=== DATA ===

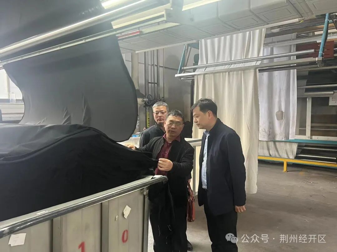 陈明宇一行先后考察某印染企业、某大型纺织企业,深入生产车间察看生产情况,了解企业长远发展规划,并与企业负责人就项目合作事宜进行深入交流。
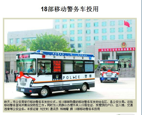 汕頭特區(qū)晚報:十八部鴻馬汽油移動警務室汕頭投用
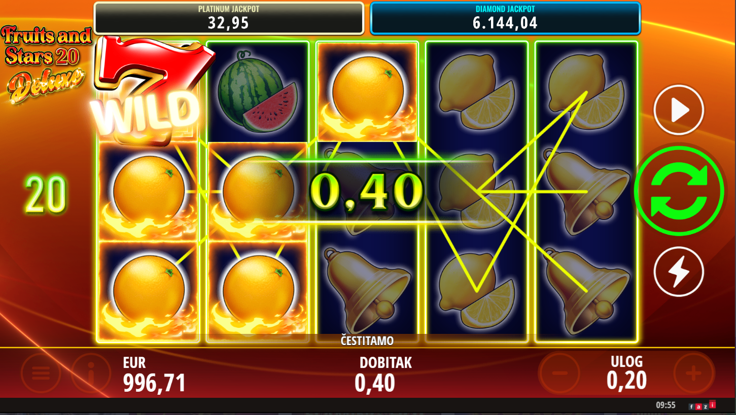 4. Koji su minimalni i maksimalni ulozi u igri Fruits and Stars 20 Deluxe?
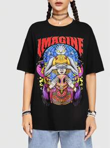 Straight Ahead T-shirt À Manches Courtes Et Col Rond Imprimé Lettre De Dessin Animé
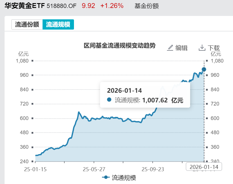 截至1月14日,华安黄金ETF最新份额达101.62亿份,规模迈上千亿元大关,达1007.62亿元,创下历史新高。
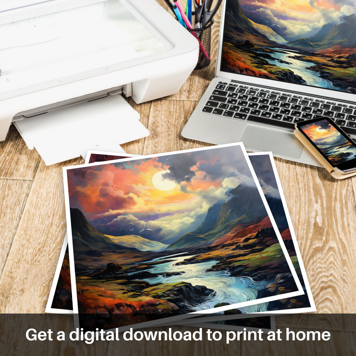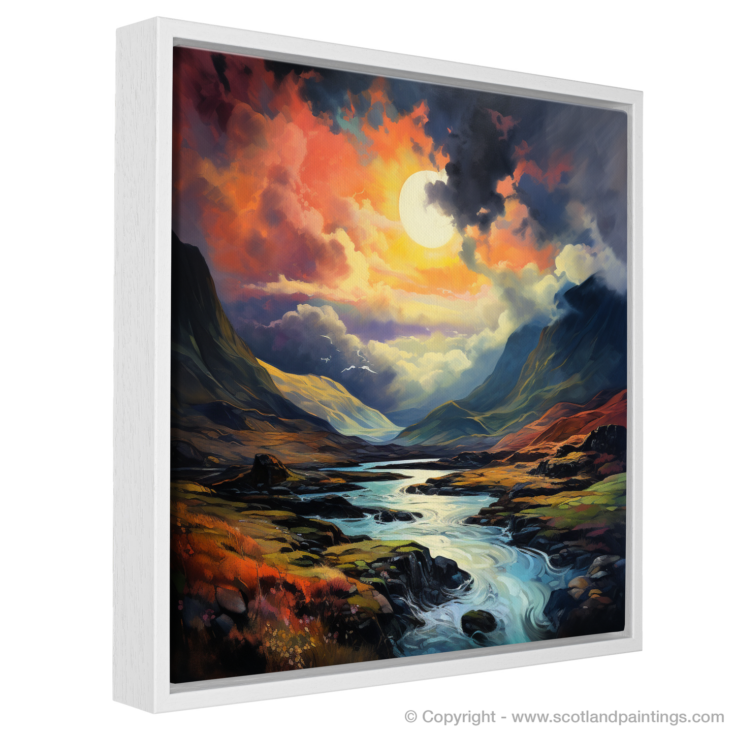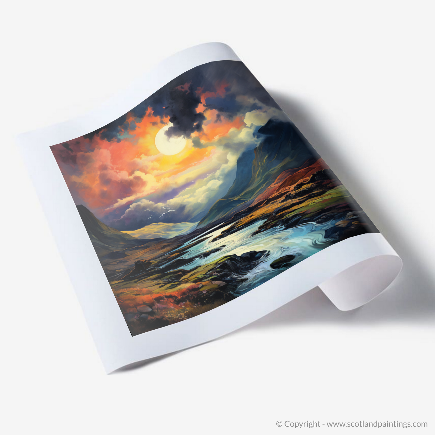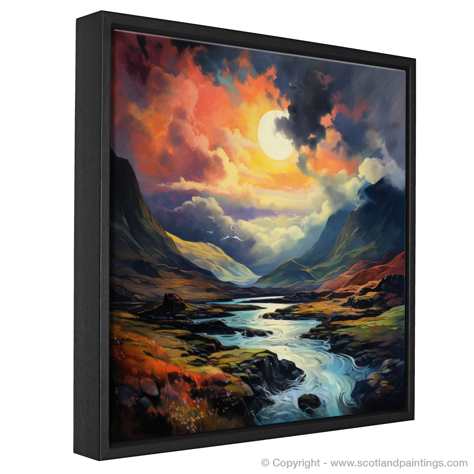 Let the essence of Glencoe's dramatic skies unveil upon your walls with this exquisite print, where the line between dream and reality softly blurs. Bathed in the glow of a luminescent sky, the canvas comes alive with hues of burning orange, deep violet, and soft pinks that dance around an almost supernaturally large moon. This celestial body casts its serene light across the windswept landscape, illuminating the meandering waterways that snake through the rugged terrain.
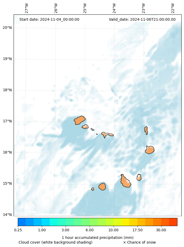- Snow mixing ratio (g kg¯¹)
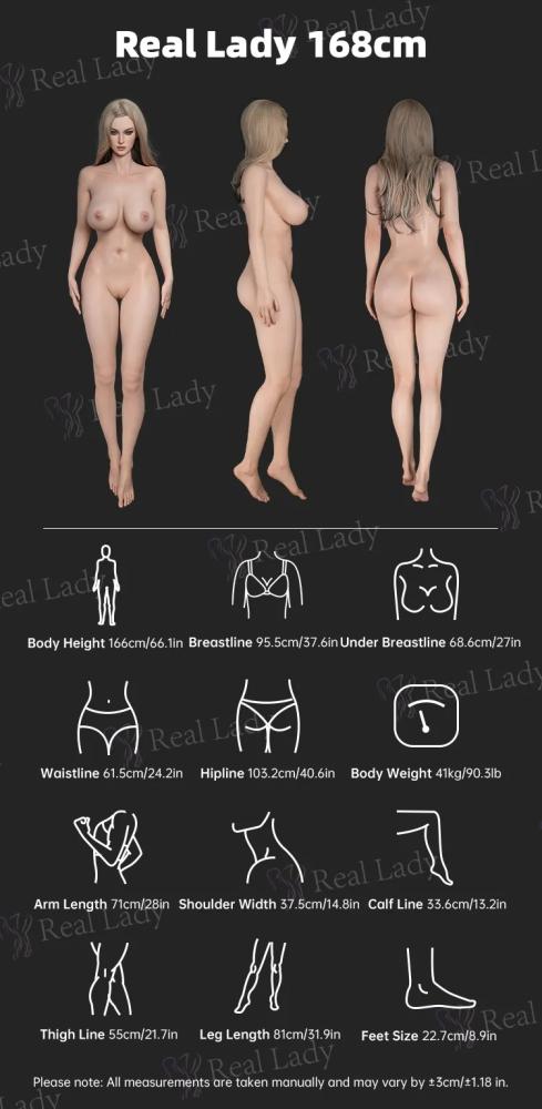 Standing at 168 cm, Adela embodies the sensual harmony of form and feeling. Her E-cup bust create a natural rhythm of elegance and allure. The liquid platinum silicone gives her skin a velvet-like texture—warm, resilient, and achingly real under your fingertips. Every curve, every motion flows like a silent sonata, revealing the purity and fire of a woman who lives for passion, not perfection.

===

WHAT TO PRODUCE |
Write out an exact reproduction of the lines from the line that holds "汕頭特區(qū)晚報:十八部鴻馬汽油移動警務室汕頭投用" to the bottom of the listing above, both ends included. Exclude pictures.

REPLY TO THE TASK |
 汕頭特區(qū)晚報:十八部鴻馬汽油移動警務室汕頭投用
 4. Koji su minimalni i maksimalni ulozi u igri Fruits and Stars 20 Deluxe?
 Straight Ahead T-shirt À Manches Courtes Et Col Rond Imprimé Lettre De Dessin Animé
 截至1月14日,华安黄金ETF最新份额达101.62亿份,规模迈上千亿元大关,达1007.62亿元,创下历史新高。
 Let the essence of Glencoe's dramatic skies unveil upon your walls with this exquisite print, where the line between dream and reality softly blurs. Bathed in the glow of a luminescent sky, the canvas comes alive with hues of burning orange, deep violet, and soft pinks that dance around an almost supernaturally large moon. This celestial body casts its serene light across the windswept landscape, illuminating the meandering waterways that snake through the rugged terrain.
- Snow mixing ratio (g kg¯¹)
 Standing at 168 cm, Adela embodies the sensual harmony of form and feeling. Her E-cup bust create a natural rhythm of elegance and allure. The liquid platinum silicone gives her skin a velvet-like texture—warm, resilient, and achingly real under your fingertips. Every curve, every motion flows like a silent sonata, revealing the purity and fire of a woman who lives for passion, not perfection.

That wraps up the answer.